Nas últimas eleições, em 2022, o distrito de Coimbra elegeu nove representantes, distribuídos por duas forças políticas: seis pelo PS; três pelo PSD.

Parlamento (2017)

Vamos começar pelo grupo parlamentar em maioria e pelos deputados que voltam a estar este ano em lugares elegíveis. Os socialistas avançaram com a ex-ministra da Saúde Marta Temido, hoje presidente da comissão política da concelhia de Lisboa do partido, que assumiu o «reforço de uma cultura de humanização e melhoria contínua» dos hospitais como prioridade. O número dois foi Pedro Coimbra. Promovido este ano a adjunto da direcção do PS, soma oito anos consecutivos como deputado, eleito sempre pelo distrito e, na legislatura que agora termina, foi vice-presidente da Comissão de Economia, Obras Públicas, Planeamento e Habitação da AR. Há dois anos assumiu como grande bandeira a melhoria da mobilidade no distrito, com a conclusão de grandes obras, como o Sistema de Mobilidade do Mondego, a A13 e a linha de Alta Velocidade. Volta a ser candidato, tal como Ricardo Lino e Raquel Ferreira. O primeiro, com um percurso de trabalho na Câmara Municipal, estreou-se na AR nas últimas eleições e assumiu como missão trazer para Coimbra a Capital Europeia da Cultura em 2027, mostrando-se também preocupado com a mobilidade e a ferrovia. Já Raquel Ferreira, advogada na Figueira da Foz, deputada desde 2020 e membro da Comissão de Ambiente e Energia, disse que iria levar a Lisboa os temas da erosão costeira, do Porto da Figueira da Foz e da Lagoa da Vela.
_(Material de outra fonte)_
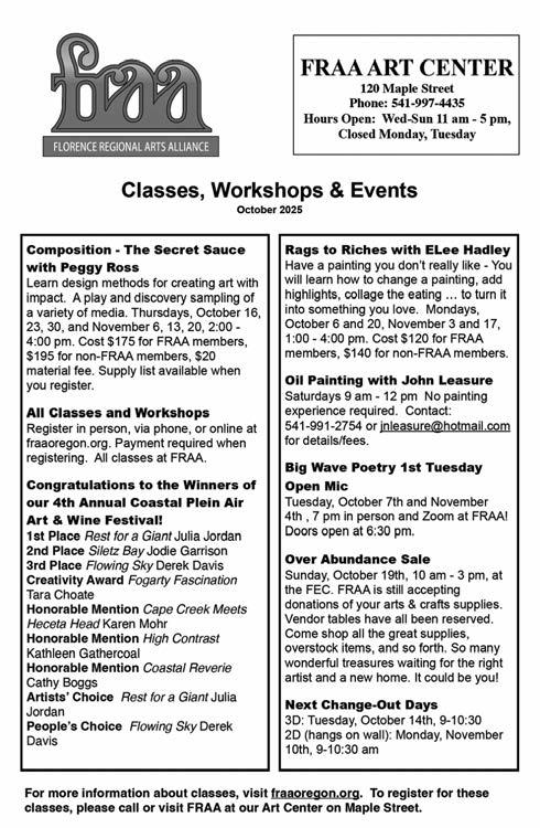 and collect community input. To learn more about the city’s efforts on evaluating and preparing STR regulations and see the community’s survey results on STR, visit: ci.florence.or.us/ planning/short-term-rental-housing-resources. The Short-Term Rental Housing regulation project was identified as a need in the Housing and Economic Opportunities Project completed in 2018. These project plans and materials are available by visiting the City’s project webpage: https://www.ci.florence.or.us/ planning/housing-and-economic-opportunitiesproject-completed-nov-2018. If you have any questions, please contact Management Analyst Peighton Allen at (541) 997-3437 or peighton.allen@ci.florence.or.us. Those interested in attending the event can find out more at https://bit.ly/FlorenceSTR.

Dos nove representantes do distrito e dos contactos que iniciámos em Fevereiro, através da Assembleia da República (AR) e das sedes dos partidos, recebemos apenas uma resposta.

Deputado desde 2019, Tiago Estevão Martins deixa nestas eleições de figurar na lista do PS pelo círculo de Coimbra. Membro do Conselho Nacional de Educação e ex-vereador da CMC colocou na agenda o recrutamento de professores, o acesso ao emprego científico e o ciclo de acreditação de estudos. Ao nível distrital, destacou o acompanhamento das obras na região – um ponto também na lista de prioridades de José Carlos Alexandrino, que depois de 12 anos como presidente da Câmara Municipal de Oliveira do Hospital, entrou pela primeira vez na AR há dois anos com o objectivo de chamar a atenção para os territórios do interior e de baixa intensidade. Nesta candidatura às eleições surge como suplente. Quem cumpriu o quê?

Do Baixo Mondego à Serra da Estrela


Entre projectos de lei e resoluções, das menos de duas dezenas de iniciativas subscritas, no cômputo geral, pelos seis deputados do PS poucas têm que ver com as prioridades assumidas para Coimbra. Das resoluções, destacamos uma em que pedem ao Governo a «construção urgente» de uma nova estrutura de comportas no Rio Pranto, indicando a disponibilidade da Associação de Beneficiários da Obra de Fomento Hidroagrícola do Baixo Mondego para avançar com o projecto.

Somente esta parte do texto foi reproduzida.